> **TASK REQUIREMENTS**:
Copy only what lies from the line containing "Ich habe 2 verschiedene" through the line containing "令和5年6月倶楽部大会結果" in the entries below, keeping both end lines exact and dropping every picture.

DATA RECORDS Block Start

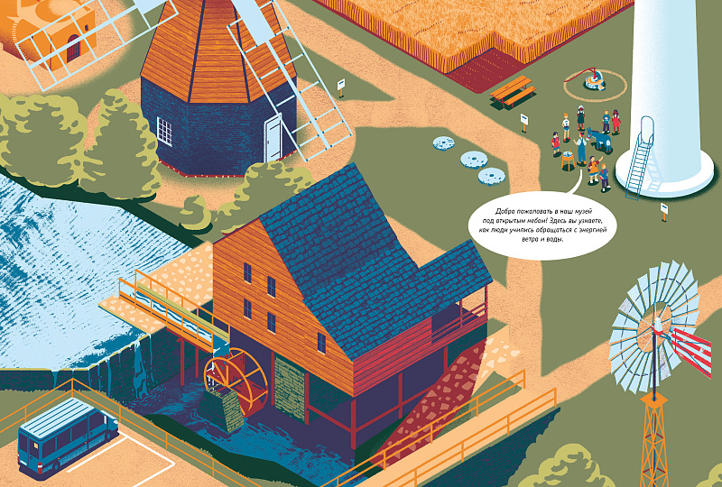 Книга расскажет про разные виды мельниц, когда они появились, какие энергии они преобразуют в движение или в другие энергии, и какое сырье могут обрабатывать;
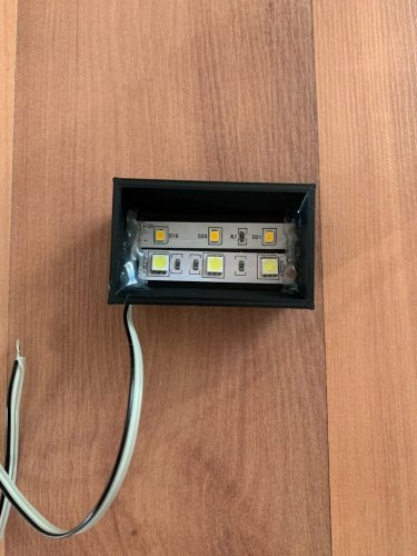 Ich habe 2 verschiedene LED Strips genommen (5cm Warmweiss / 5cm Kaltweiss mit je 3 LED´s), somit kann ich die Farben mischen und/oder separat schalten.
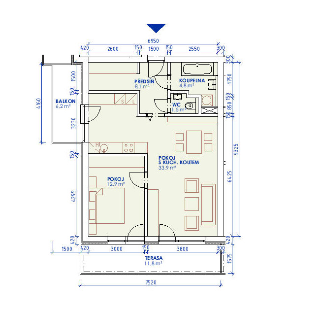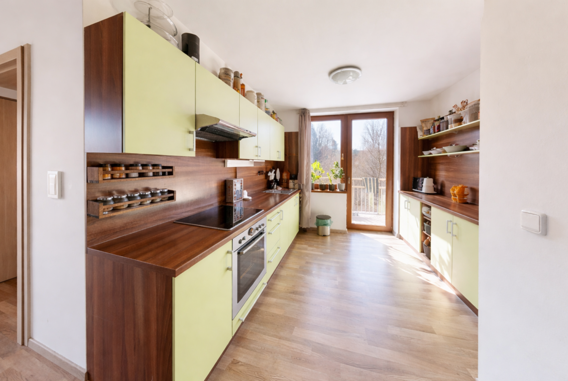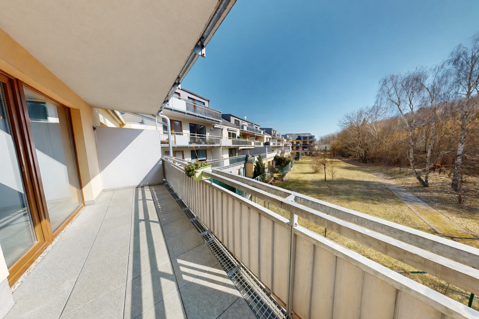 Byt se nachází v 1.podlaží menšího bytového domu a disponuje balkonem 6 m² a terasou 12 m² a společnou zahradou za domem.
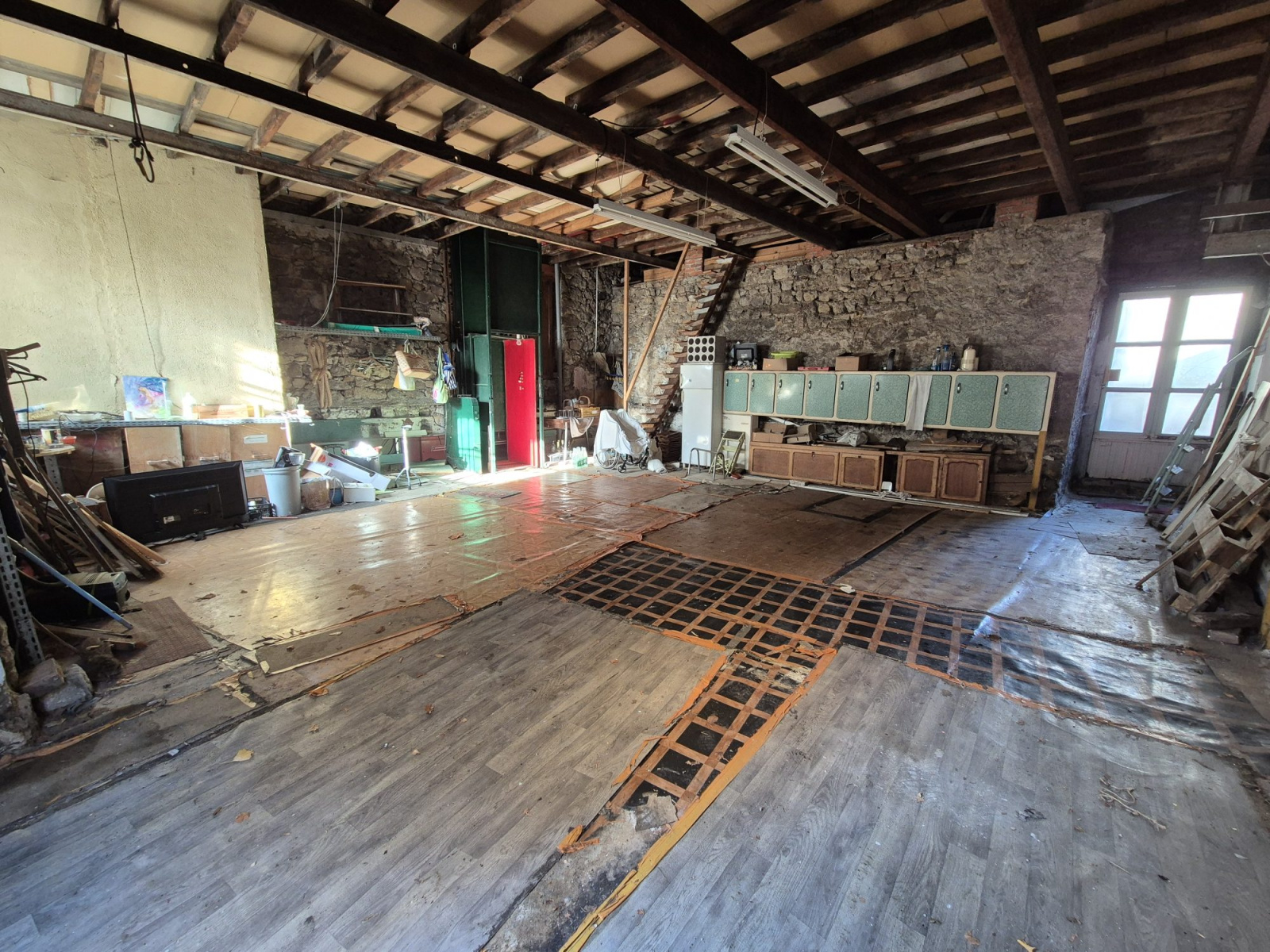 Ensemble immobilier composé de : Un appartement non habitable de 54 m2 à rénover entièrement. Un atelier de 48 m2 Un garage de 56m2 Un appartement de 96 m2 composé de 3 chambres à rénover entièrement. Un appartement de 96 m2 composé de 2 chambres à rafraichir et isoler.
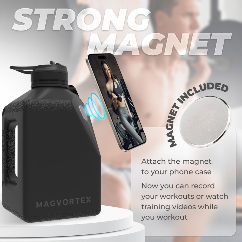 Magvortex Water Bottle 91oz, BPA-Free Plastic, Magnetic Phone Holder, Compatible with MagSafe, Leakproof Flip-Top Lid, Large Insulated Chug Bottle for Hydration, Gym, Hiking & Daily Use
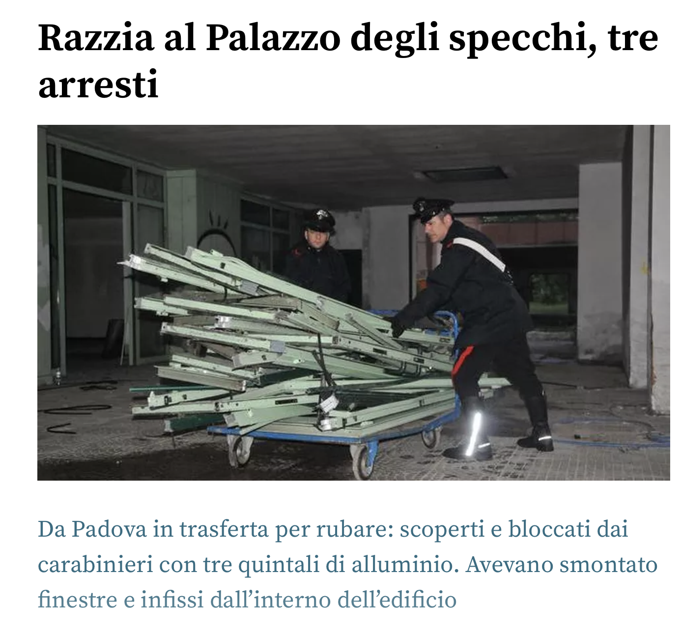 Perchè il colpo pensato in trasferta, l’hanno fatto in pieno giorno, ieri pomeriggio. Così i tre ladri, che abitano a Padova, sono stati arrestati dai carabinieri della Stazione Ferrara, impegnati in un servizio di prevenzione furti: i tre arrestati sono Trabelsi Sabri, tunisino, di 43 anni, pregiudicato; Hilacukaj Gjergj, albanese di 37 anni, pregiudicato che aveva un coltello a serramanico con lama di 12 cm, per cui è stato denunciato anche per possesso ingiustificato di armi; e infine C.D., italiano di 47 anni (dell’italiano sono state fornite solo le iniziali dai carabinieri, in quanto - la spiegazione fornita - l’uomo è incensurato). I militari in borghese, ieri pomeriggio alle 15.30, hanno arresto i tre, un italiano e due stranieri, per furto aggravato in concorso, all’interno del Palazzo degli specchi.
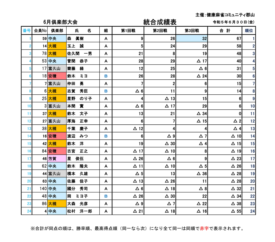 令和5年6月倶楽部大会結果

DATA RECORDS Block End
DATA RECORDS Block Start

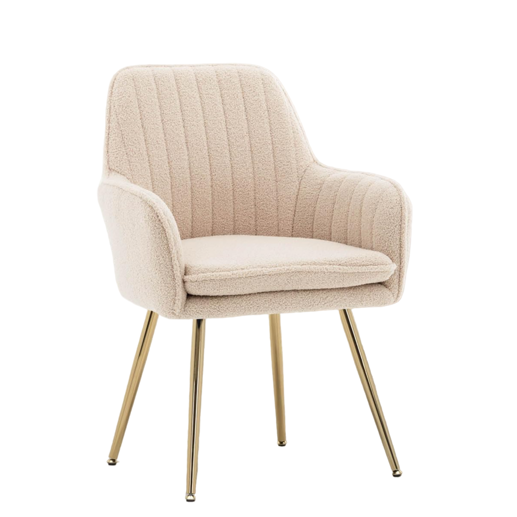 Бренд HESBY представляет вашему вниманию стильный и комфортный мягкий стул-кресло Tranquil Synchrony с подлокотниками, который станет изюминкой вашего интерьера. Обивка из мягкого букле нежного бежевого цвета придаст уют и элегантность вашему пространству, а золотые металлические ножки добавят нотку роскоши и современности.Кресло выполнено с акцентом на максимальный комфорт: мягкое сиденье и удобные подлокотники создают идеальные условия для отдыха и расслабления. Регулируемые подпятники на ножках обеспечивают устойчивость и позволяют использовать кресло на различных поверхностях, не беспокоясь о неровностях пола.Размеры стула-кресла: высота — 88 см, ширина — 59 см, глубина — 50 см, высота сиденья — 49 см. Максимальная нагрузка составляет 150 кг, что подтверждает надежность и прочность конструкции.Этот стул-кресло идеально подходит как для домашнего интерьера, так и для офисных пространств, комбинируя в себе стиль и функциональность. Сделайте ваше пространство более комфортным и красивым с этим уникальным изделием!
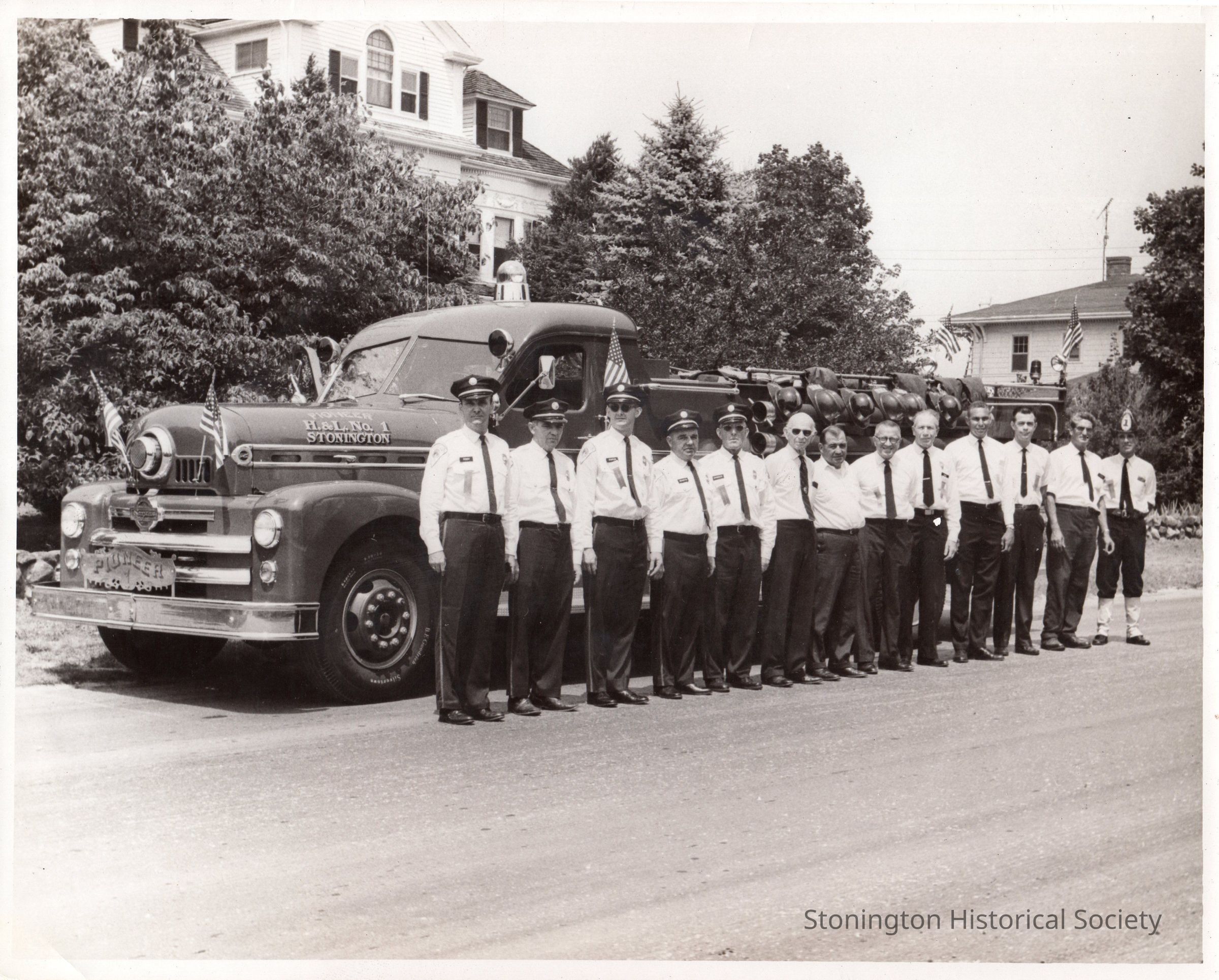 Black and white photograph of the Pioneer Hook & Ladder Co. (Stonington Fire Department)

DATA RECORDS Block End
DATA RECORDS Block Start

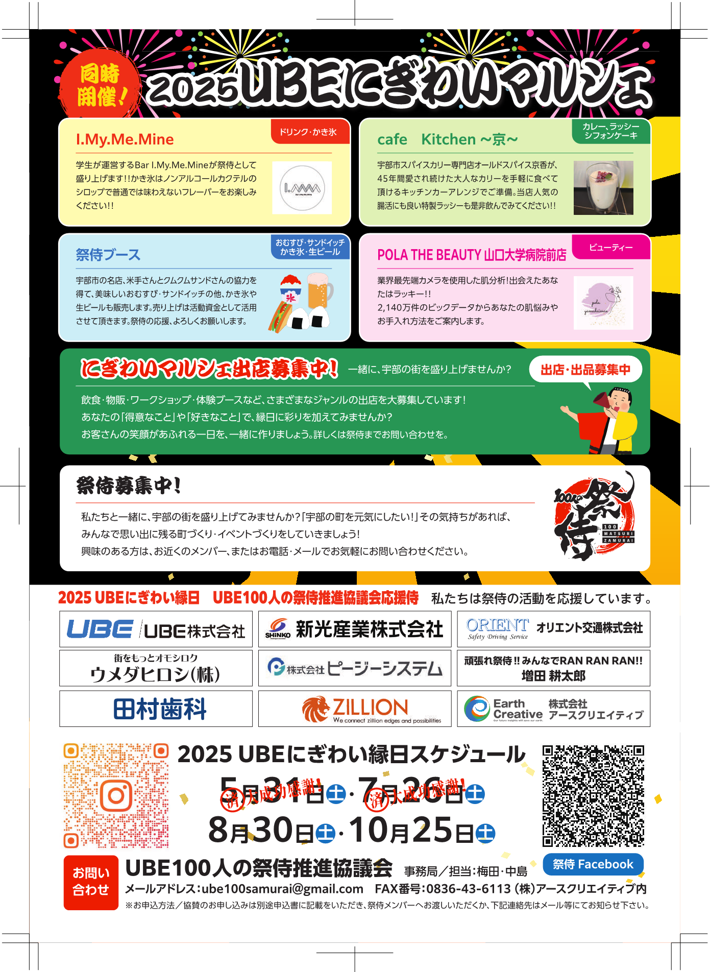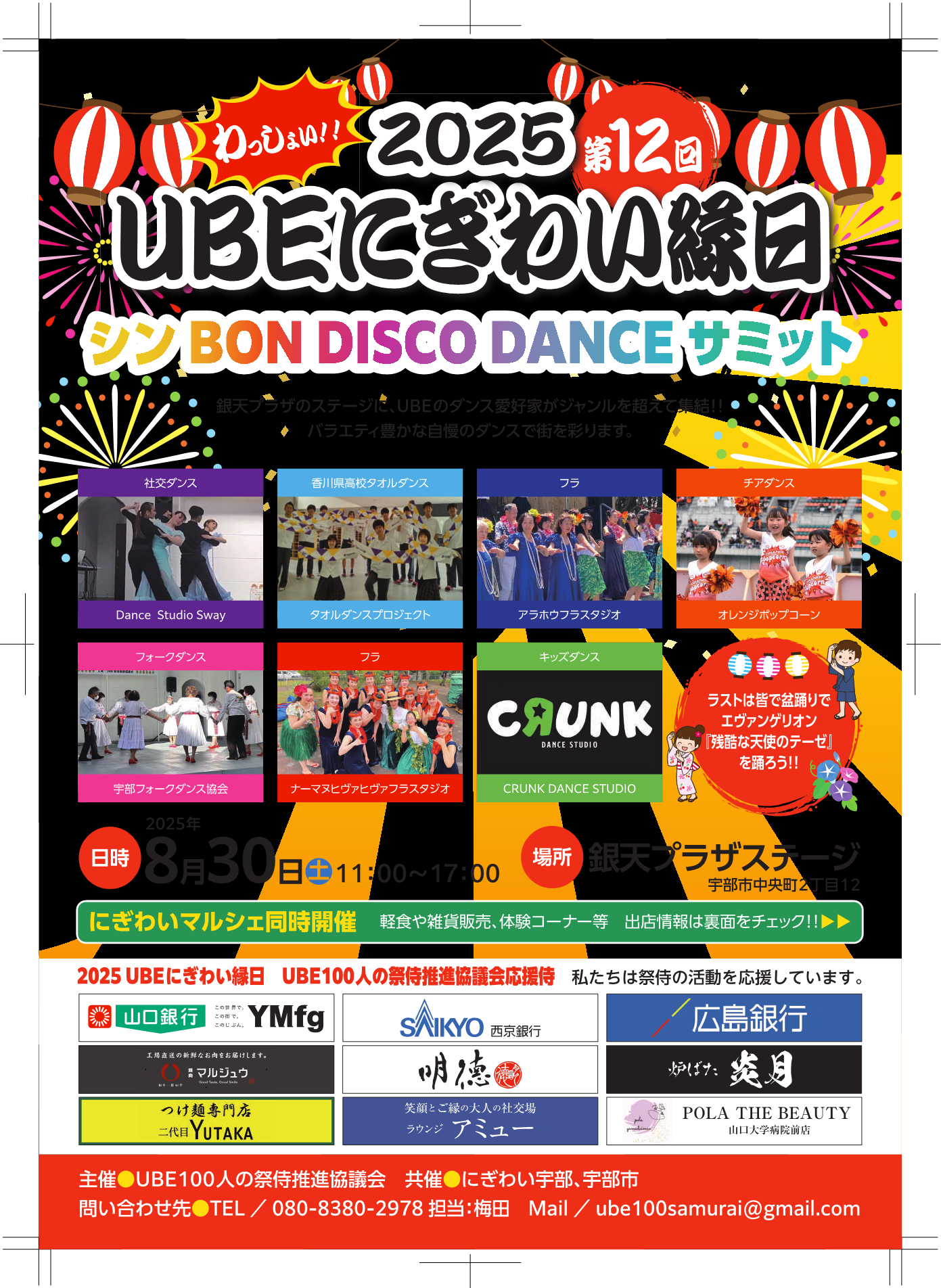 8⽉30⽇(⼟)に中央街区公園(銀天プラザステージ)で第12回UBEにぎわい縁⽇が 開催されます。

DATA RECORDS Block End

> **RESULT OF THE TASK**:
 Ich habe 2 verschiedene LED Strips genommen (5cm Warmweiss / 5cm Kaltweiss mit je 3 LED´s), somit kann ich die Farben mischen und/oder separat schalten.
 Byt se nachází v 1.podlaží menšího bytového domu a disponuje balkonem 6 m² a terasou 12 m² a společnou zahradou za domem.
 Ensemble immobilier composé de : Un appartement non habitable de 54 m2 à rénover entièrement. Un atelier de 48 m2 Un garage de 56m2 Un appartement de 96 m2 composé de 3 chambres à rénover entièrement. Un appartement de 96 m2 composé de 2 chambres à rafraichir et isoler.
 Magvortex Water Bottle 91oz, BPA-Free Plastic, Magnetic Phone Holder, Compatible with MagSafe, Leakproof Flip-Top Lid, Large Insulated Chug Bottle for Hydration, Gym, Hiking & Daily Use
 Perchè il colpo pensato in trasferta, l’hanno fatto in pieno giorno, ieri pomeriggio. Così i tre ladri, che abitano a Padova, sono stati arrestati dai carabinieri della Stazione Ferrara, impegnati in un servizio di prevenzione furti: i tre arrestati sono Trabelsi Sabri, tunisino, di 43 anni, pregiudicato; Hilacukaj Gjergj, albanese di 37 anni, pregiudicato che aveva un coltello a serramanico con lama di 12 cm, per cui è stato denunciato anche per possesso ingiustificato di armi; e infine C.D., italiano di 47 anni (dell’italiano sono state fornite solo le iniziali dai carabinieri, in quanto - la spiegazione fornita - l’uomo è incensurato). I militari in borghese, ieri pomeriggio alle 15.30, hanno arresto i tre, un italiano e due stranieri, per furto aggravato in concorso, all’interno del Palazzo degli specchi.
 令和5年6月倶楽部大会結果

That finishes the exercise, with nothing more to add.